Dataset section:
------------------------------

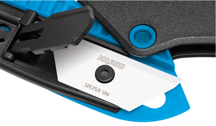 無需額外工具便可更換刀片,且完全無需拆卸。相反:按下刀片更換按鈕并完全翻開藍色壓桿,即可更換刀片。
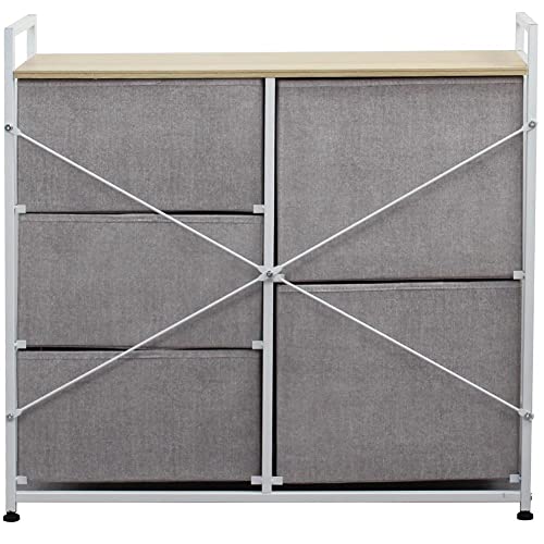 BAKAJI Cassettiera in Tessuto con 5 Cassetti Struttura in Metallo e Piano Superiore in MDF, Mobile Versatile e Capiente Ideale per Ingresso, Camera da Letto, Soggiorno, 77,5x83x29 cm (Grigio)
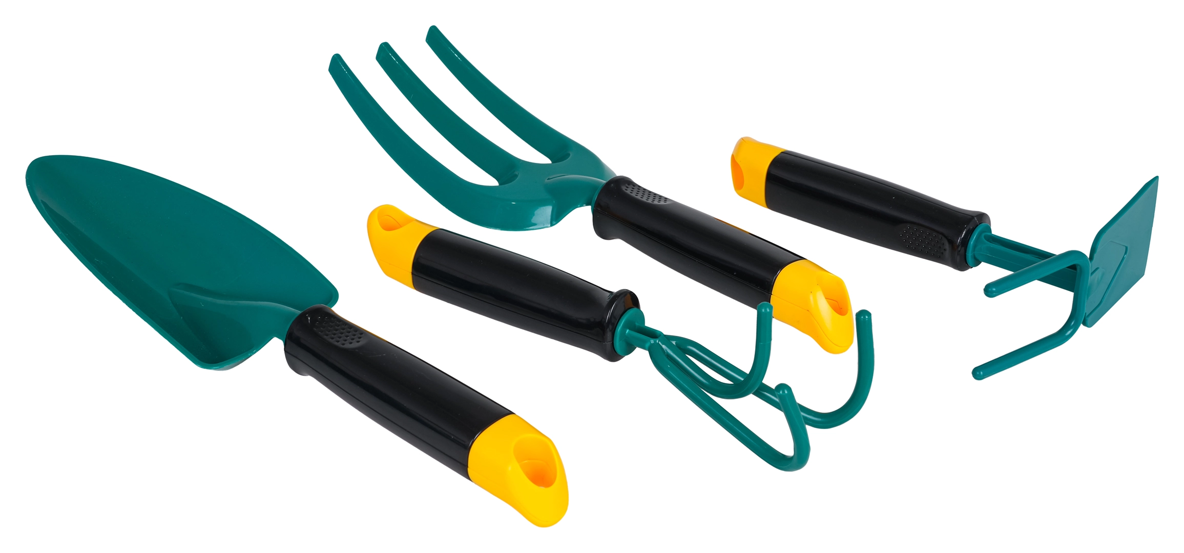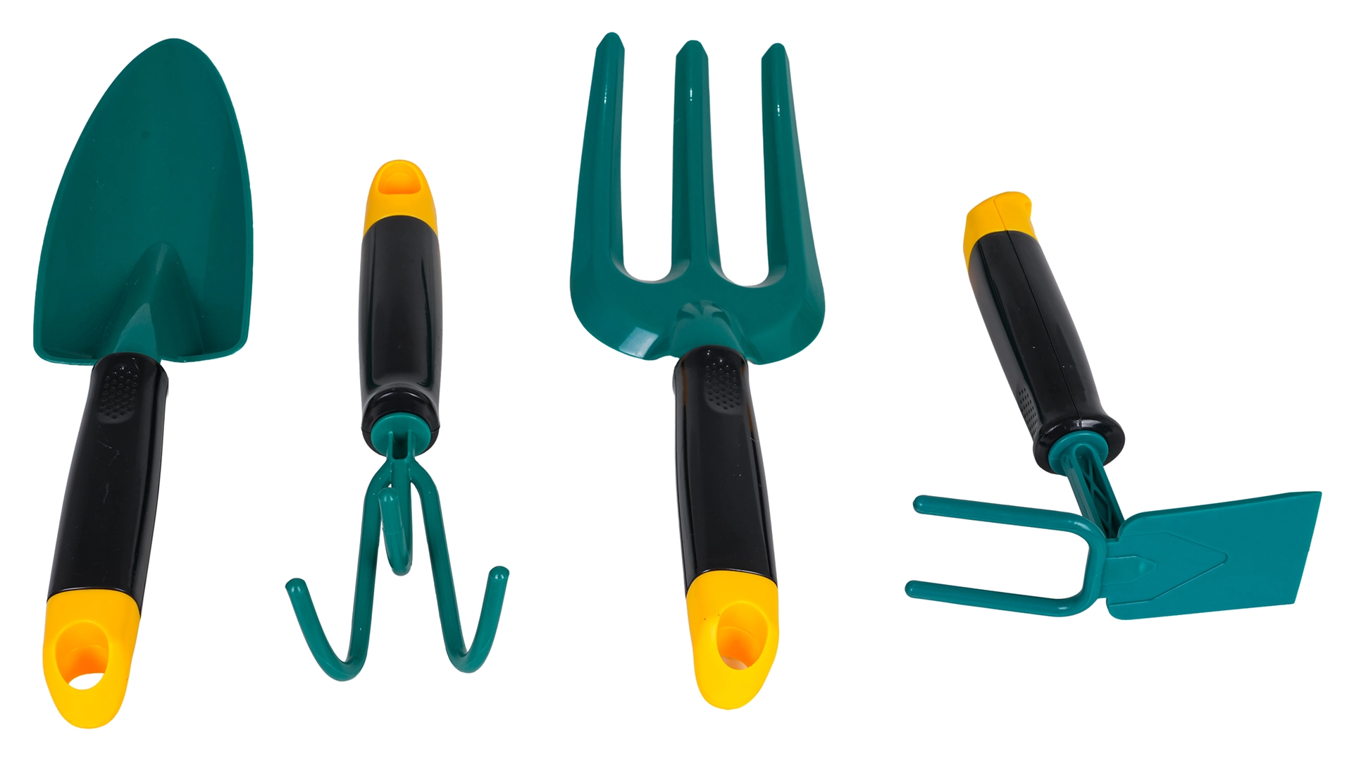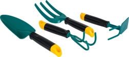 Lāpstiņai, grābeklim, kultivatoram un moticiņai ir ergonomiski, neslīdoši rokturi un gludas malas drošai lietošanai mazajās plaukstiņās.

------------------------------

Work item: Output, word for word, the full listing above, with no pictures.

Solution:
 無需額外工具便可更換刀片,且完全無需拆卸。相反:按下刀片更換按鈕并完全翻開藍色壓桿,即可更換刀片。
 BAKAJI Cassettiera in Tessuto con 5 Cassetti Struttura in Metallo e Piano Superiore in MDF, Mobile Versatile e Capiente Ideale per Ingresso, Camera da Letto, Soggiorno, 77,5x83x29 cm (Grigio)
 Lāpstiņai, grābeklim, kultivatoram un moticiņai ir ergonomiski, neslīdoši rokturi un gludas malas drošai lietošanai mazajās plaukstiņās.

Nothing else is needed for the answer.